Ending the Death Penalty and the Mindset Behind It
I’ve been very fortunate to write a monthly column for the Daily Nebraskan this year in which I’ve been able to make arguments and try out ideas that relate to politics, social justice, and human rights.
I began, back in August, with a long piece about my personal experience of getting to know Ronnie Frye, an inmate on North Carolina’s death row who was executed ten years ago. I want to close out the academic year with another column that considers the human face and the human cost of our death penalty system.
I write at a pivotal moment: Connecticut has repealed its death penalty statute, becoming the seventeenth state to do so and, in November, California will consider a ballot initiative to do the same. With five states abolishing the death penalty in five years and several more states seemingly poised to do the same, the dominoes have clearly started to fall. Opponents of the death penalty have found ways to persuade legislators — if not the general public — that the system is expensive, biased, and horribly flawed.
But this is as good a time as any to begin a difficult conversation.
In particular, I want to suggest that we need to think critically about the trade-off we’re making when we do away with the death penalty and condemn people to life imprisonment without the possibility of parole. We should make no mistake that this too is a death sentence and it’s one actually considered to be worse by some of the people who currently sit on death row.
This isn’t to diminish the difficult and important work done by death penalty abolitionists or to discourage anyone in the work that remains to be done. It is only to note that, in our desire to end the death penalty and save lives, we have allowed our opponents to continue to shape the conversation about crime, justice, and human rights. I’m not convinced we need to yield this ground.
In writing about the ballot initiative in California, death row inmate Kevin Cooper argues:
We who are on death row will also lose our legal habeas and habeas appeal process that we have and are currently entitled to under the law. So we are in fact taking a step backwards in our ability to challenge our convictions. We are also having to take our fight for our collective human rights to another level. What I mean by this is, Level IV prisons within the State of California are some of the worst prisons in the world! They are worse than death row in the violence that takes place, in the lack of programs, including educational programs, they stay on lockdown, and many families cannot get to these isolated prisons to visit their loved ones.
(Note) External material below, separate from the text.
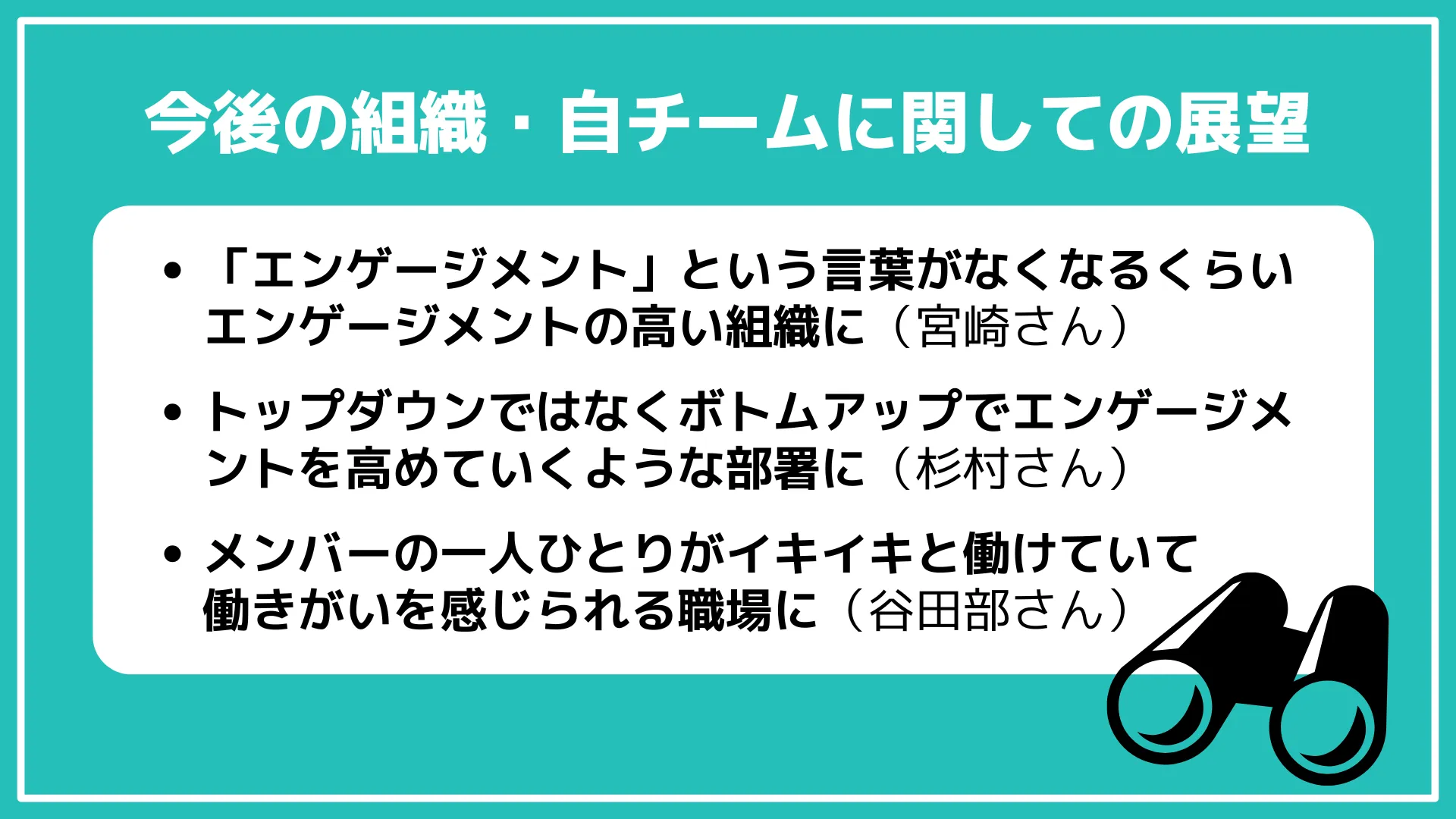 「チーム開発では、人をマネジメントすることや、エンゲージメントを上げていくことがパフォーマンスに直結する」ということを、みんなで共通認識として持って、トップダウンではなくボトムアップでエンゲージメントを高めていくような部署になればいいなと思います。

Interestingly, many death penalty supporters will see this as a good sign. If we have to do away with the death penalty, then at least we can be consoled by the knowledge that we’re replacing it with a punishment that’s also terrible. This is something death penalty opponents, who often make forceful moral arguments about the dignity and human rights of death row inmates, need to consider carefully.
Indeed, at the heart of the idea of both the death penalty and life imprisonment without parole is the notion that the offender is completely and utterly devoid of humanity. With this in mind, prison isn’t about correction and rehabilitation; it’s about punishment and revenge. If the death penalty is too expensive, if it risks the execution of an occasional innocent, and if it doesn’t cause all that much suffering, then it can be jettisoned in favor of a punishment that’s cheaper, that we can correct when we err, and that — if done properly — might be even worse for offenders.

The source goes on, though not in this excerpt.